Как и в случае с Марчеггом, подход Крайского к израильско-палестинскому конфликту ныне выглядит менее враждебным по отношению к еврейскому государству, чем это считалось тогда. Несомненно, симпатии канцлера к палестинцам часто высказывались крайне бесчувственно. Евреи, заявлял он, «должны бы лучше знать, что значит быть изгнанным и ограбленным».
Но как бы человек ни относился к решению о создании двух государств, замечает Ашхейм, Крайский все же был пионером: он стал первым европейским лидером, поддержавшим палестинское государство, а за его признанием ООП последовали другие западные страны. В то же время канцлер позаботился о том, чтобы не подорвать легитимность Государства Израиль, утверждая, что создание двух государств отвечает интересам еврейского государства, и поощрял тех в ООП, кто выступал за переговоры с Израилем.

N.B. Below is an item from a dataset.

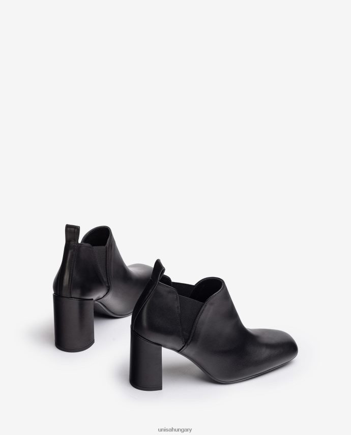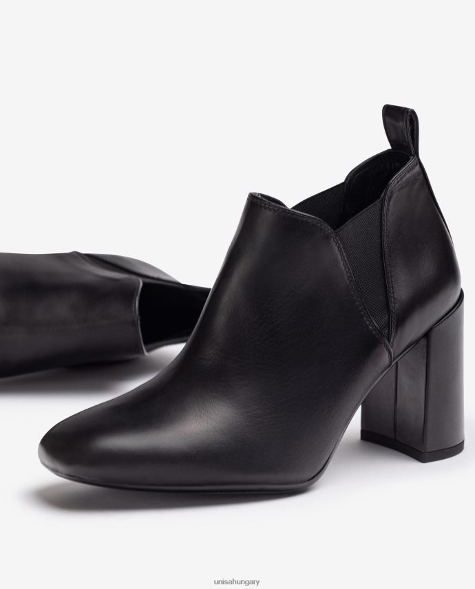 Négyzet orrú bokacsizma bőrből, oldalt ékekkel. hozzáillő színű széles sarok 8,5 cm magas. könnyű, rugalmas, csúszásmentes gumitalp. tökéletes szövetségesei az unisa nőnek.

Взгляды Крайского, которые сейчас являются мейнстримом для европейских левоцентристов, в конечном счете не остались без последствий. Ссылаясь на соглашения Осло, Шимон Перес пришел к выводу, что усилия австрийца «подготовили почву для того, что должно было произойти позже». Перес также считал, что, несмотря на настороженность Израиля в отношении его желания выступить посредником в диалоге с арабскими государствами, «Крайский сыграл важную роль в сближении Египта и Израиля».
Важно отметить: несмотря на неприятие сионизма, Крайский пришел к признанию важности Израиля. «У Израиля должно быть будущее, чтобы у любого еврея в мире могло быть убежище, если когда-нибудь снова возникнет ситуация, подобная Холокосту», — сказал он.
Книга Ашхейма изящно демонстрирует иронию, лежавшую в основе сложных отношений Крайского с его собственной еврейской идентичностью и еврейским государством. Его ближайшие друзья были евреями, его жена была еврейкой, интеллектуалы, которых он любил и которыми восхищался, были евреями.
«Я думаю, что внутри себя он был самым настоящим евреем, — говорит Ашхейму Менахем Обербаум, израильский журналист. — Я уверен, что ему не хотелось бы слышать такое, но я настаиваю, что это так».